Episode #10

Freemen and a Baby


The earth was rumbling. The very earth was heaving, rolling like a man who steals from drunks. The sound was deafening. It was like having your head pressed against a clothes dryer in a cheap laundromat somewhere in Nebraska.

"Hey, you! You can't sleep here. Wake up, ya bum." My eyes fluttered to reveal an old lady with a broom.

"I said get up! This ain't no hotel, ya lousy loser!" She brandished the broom menacingly.

"Sorry. I must have dosed off during the dry cycle." I picked myself up off the floor and made for the door.

"You dozed off alright, ya beatnik. But it wasn't during the dry cycle. It was when you were in school when you should have been learning. If you had, you'd be somebody today like my Alfie". She was sweeping me out the door. "He's a salesman. Ya loafin' nobody. You'll never be as good as my..."

She was yelling after me as I made my way down the street, but her voice was fading.

So lt had all been a bad dream. The nuclear arsenal I had unwittingly unleashed with a codeword to rain down on all the hip pockets of poverty and welfare in the United States. It had been a horrible nightmarish slumber fantasy. The crazy air force General and his hellish command buried deep in the midwestern tundra. It was all coming back to me now with noxious clarity. I had been moving south from Omaha on a broken moped. I'd become exhausted and sought shelter in a deserted laundromat. I'd dreamed my awful little B-dream, "The Missiles of Wretchedness" and I'd been awakened by Alfie's proud janitress of a mama. Thank god it was over.

But wait a sec. What was over? At least in my dream the welfare state as we know it was about to be wiped off the face of the budget like so much whipped cream being sucked off a pretty piece o'pumpkin pie by some bloated reveler at a Turkey Day in Hades. Now that the dream was gone, I was left with the stark realities of my situation. I was a secret government agent on the lam. Somebody wanted me dead. I had to keep moving.

I kept moving through the wheatfields and cornfields on that dilapidated motorbike. The corn was as high as an elephant's eye. The wheat was as low a blow as Broadway musicals about life in these parts. The chain finally broke, if there is one, and I dumped my tiny ride and continued on foot. I had a nice sense of safety. There was nobody around.

"Hold it right there, prospector." Six men with sawed-off shotguns stood in front of a rusty combine.

"Where you think yer a-goin', city slick?" They obviously wondered about the nature of my proposed destination.

"I'm just looking...for some farmers. Or a farmhouse. Or something friendly like that. Just to see one. I've heard they're nice. Grant Wood paintings. Bovine thing." They sensed the fear seething from my blather.
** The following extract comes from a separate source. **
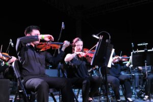 Por primera vez en dos años, la OSUACH tocó completa, bajo la dirección del maestro Raúl García en colaboración con el ICM para clausurar la reapertura del ciclo de cine de El Rejón que promueve la Esquina Benjamín Franklin.

"He looks like a strong boy, Zeke, lets put him in Farm Subsidy Defense League." The hulking speaker had a neck so thick he could have swallowed an NBA official-sized orb and had room left over for a double slab-burger and a side order of fried corn husks.

"The...Farm...Subsidy...Defense League?" Suddenly I realized that in my rank stupor, I might have stumbled into a radical pro-giveaway buckskin fringe group.

"That's right, woodchuck. The Farm Subsidy..."

"Defense League." I said the last along with him.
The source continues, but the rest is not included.